In this article, we are going to see an advance algorithm to find a missing number in an array of length n range from 1 to n.
Submitted by Radib Kar, on October 30, 2018

Problem statement

We are given a list of n-1 integers and the integers range from 1 to n. There are no duplicates in the list. Only one of the integer from 1 to n is missing. We need to find the missing number in O(n) time complexity.

Solution

The simplest solution is to take each number from 1 to n and to check whether it exists in the array or not. But such approach has O(n²) time complexity. Thus we need to find some advance algorithm to reduce the time complexity.

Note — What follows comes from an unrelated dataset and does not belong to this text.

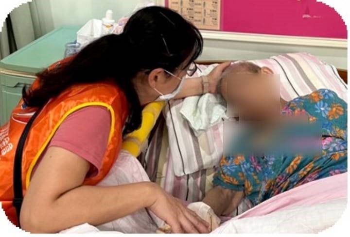 有一次,倡導關懷人走到床邊關心,發現她不停扭動身體,用手比劃皮膚癢的不適。倡導關懷人立即代為轉達護理師,照服員隨即協助處理,讓王奶奶的需求被即時聽見與回應。
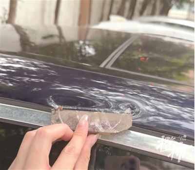 记者看到,张女士的车顶有一处明显凹陷,划痕有8cm长,张女士后来报了警,把掉落砖块交给民警调查。从图片可以看到,掉落的砖块长条状,与车顶伤痕基本吻合,表面稍有褪色,有些白色纹饰。

The algorithm is illustrated below:

1. XOR all the elements presented in the array. Let the result be x.
2. XOR all numbers from 1 to n. Let the result be y.
3. XORing x & y gives the missing number.

C code for implementation

#include<stdio.h>
#include<stdlib.h>

int missingNo(int* a, int n){
	int x=0,y=0;

	for(int i=0;i<n-1;i++){
		//xoring all elements
		x^=a[i];               
	}
	for(int i=1;i<=n;i++){
		//xoring 1 to n
		y^=i;
	}

	//xoring x & y outputs missing number
	return x^y;                 
}

int main()
{
	int n,x,count=0;

	printf("enter your range\n");
	scanf("%d",&n);

	printf("enter elements leaving one nummber in the range 1 to n\n");

	// dynamic array created for n-1 elements
	int* a=(int*)(malloc(sizeof(int)*(n-1))); 
	for(int i=0;i<n-1;i++){
		scanf("%d",&a[i]);
	}
	// function to check duplicate exists or not
	printf("\nthe missing number is %d\n",missingNo(a,n)); 
	
	return 0;
}

Output

enter your range
5
enter elements leaving one nummber in the range 1 to n
2
4
3
5

the missing number is 1

Time complexity: O(n) (for scanning the array)

Space complexity: O(1)